Leonardo Costagliola

Personal information
- Full name: Leonardo Costagliola
- Date of birth: 27 October 1921
- Place of birth: Taranto, Italy
- Date of death: 7 March 2008 (aged 86)
- Place of death: Florence, Italy
- Height: 1.70 m (5 ft 7 in)
- Position(s): Goalkeeper

Senior career*
- Years: Team / Apps / (Gls)
- 1938–1940: Pro Italia Taranto / 17 +? / (0 +?)
- 1940–1943: Bari / 71 / (0)
- 1943–44: U.S. Conversano / ? / (?)
- 1945–1948: Bari / 100 / (0)
- 1948–1955: Fiorentina / 230 / (0)
- Total:  / 418 +? / (0 +?)

International career
- 1953–1954: Italy / 3 / (0)

= Leonardo Costagliola =

Italian footballer and manager

Leonardo Costagliola (/it/; 27 October 1921 – 7 March 2008) was an Italian football player and manager who played as a goalkeeper.
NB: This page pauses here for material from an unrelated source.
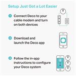 Deco je řešení Wi-Fi sítě pro celý dům, které má nejkomplexnější zabezpečení. Poskytuje rychlý nepřerušovaný Wi-Fi signál pro každou místnost díky tomu, že využije výkon tří samostatných jednotek AC1300 pro souvislé pokrytí plochy až 420 m2. Nastavení Deco je snadné a systém může růst spolu s tím, jak budete svou domácnost vybavovat dalšími zařízeními. A na systém Deco se vztahuje v daném oboru jedinečná doživotní nepřetržitá podpora.

Throughout his career, he played for several Italian clubs and represented the Italy national football team at the 1954 FIFA World Cup.

==Club career==
Born in Taranto, throughout his career (1938–1963) Costagliola played a total of 623 matches, playing for Italian clubs Pro Italia Taranto (1938–1940), A.S. Bari (1940–1943; 1945–1948), U.S. Conversano (1943–1944), and AC Fiorentina (1948–1955). He made his Serie A debut with Bari, on 27 October 1940, in a 4–2 away win over Triestina.

==International career==
Regarded as one of the best and most consistent Italian shot-stoppers of his generation, with the Italy national team, Costagliola played 3 games between 1953 and 1954 and participated at the 1954 FIFA World Cup, although he did not feature in the competition. He made his Italy senior debut in a 2–1 away win over Egypt, on 13 November 1953, in a World Cup qualifier.

==After retirement==
After retiring, Costagliola started a career as a trainer, managing several Italian clubs.